In last week’s newsletter, I described some of the changes coming to TechCrunch’s transportation coverage, including “market maps.” These articles, which will always run in Extra Crunch, focus on a particular slice of the transportation industry, along with other mobility-related analysis.
The first of these took a deep dive into the solid state battery industry. As Mark Harris reported: “For the last decade, developers of solid state battery systems have promised products that are vastly safer, lighter and more powerful. Those promises largely evaporated into the ether — leaving behind a vapor stream of disappointing products, failed startups and retreating release dates.”
A new wave of companies and technologies are finally maturing and attracting the funding necessary to feed batteries’ biggest market: transportation. Keep reading here: Can solid state batteries power up the next generation of EVs?

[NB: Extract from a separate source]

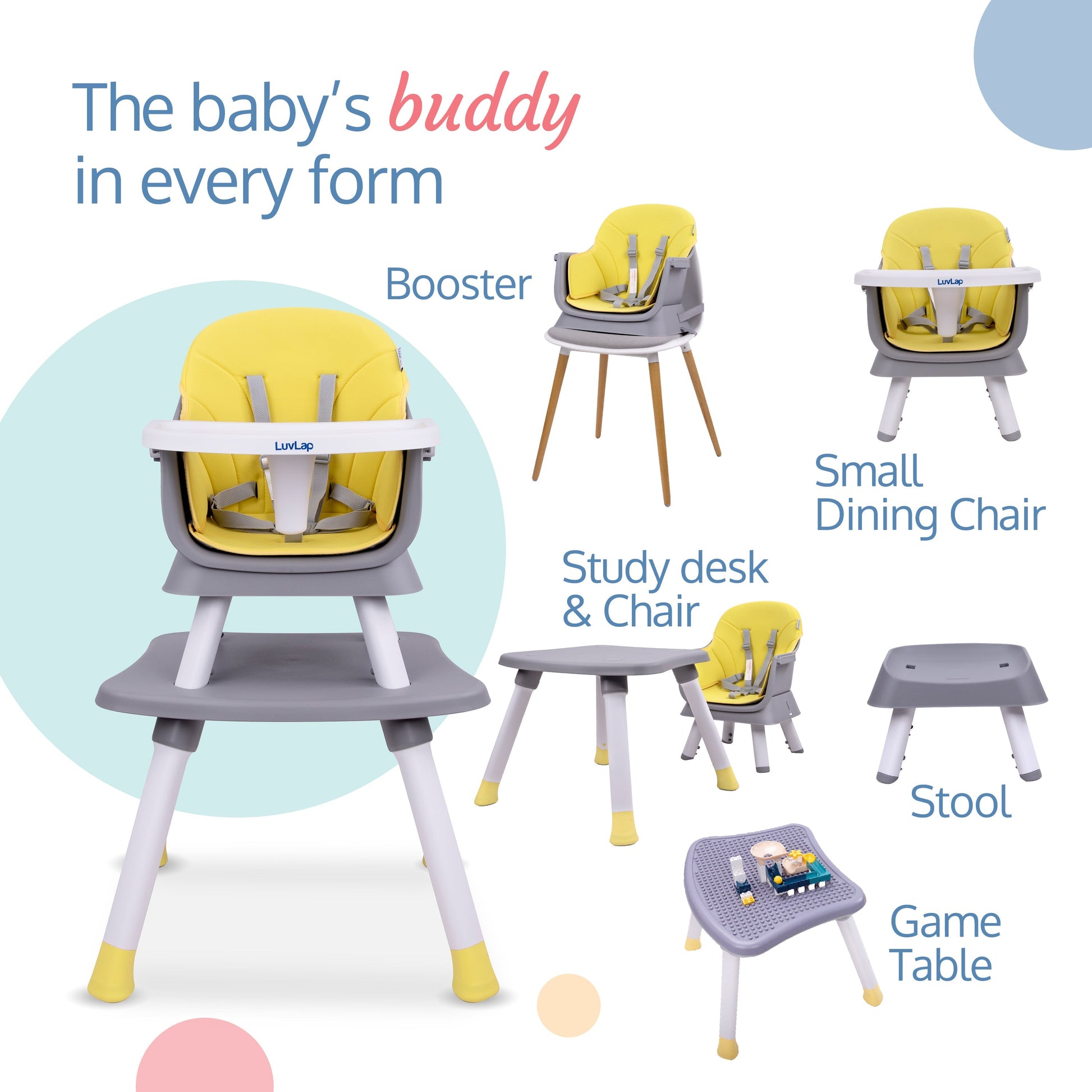 LuvLap Multifunction 6 in 1 Baby high chair can be used as High Chair, Booster Chair, Small Dinig Chair, Study desk and chair, Game Table and Stool, Suitable for 6 to 36 months

This week, look out for our revamped automotive reviews, and an interview with Joby Aviation founder JoeBen Bevirt, Paul Sciarra, the company’s executive chair and co-founder of Pinterest and Reid Hofffman, whose SPAC merged with Joby, as well as a chat with Lucid CEO and CTO Peter Rawlinson. Two new reporters, who will be helping to expand and deepen our transportation coverage, are also starting this coming week.
Micromobbin’ is short and sweet this week. I wanted to flag this upcoming panel.
A free panel called Women on Wheels: Making Micromobility Safer for Female Riders will be held from 12 p.m. to 12:45 p.m. ET on March 8. The panel will focus on women and safety. Reservations are required to join. Visit the Eventbrite link here to register.
Speakers include ScootRoute founder and CEO Meghan Braley, who is hosting the event, SomEV co-founder and battery engineer Natasha George and Saturday Night Bike Club’s director of cyclist engagement, Ashley Ndiaye.
Deal of the week
After weeks of speculation, Lucid Motors finally announced it would become a publicly traded company through a merger with special purpose acquisition company Churchill Capital IV Corp.
A string of EV automakers and charging infrastructure companies have taken the SPAC merger path to public markets over the past 10 months, including Arrival, Canoo, ChargePoint, EVgo, Fisker and Lordstown Motors. But this one is by far the largest.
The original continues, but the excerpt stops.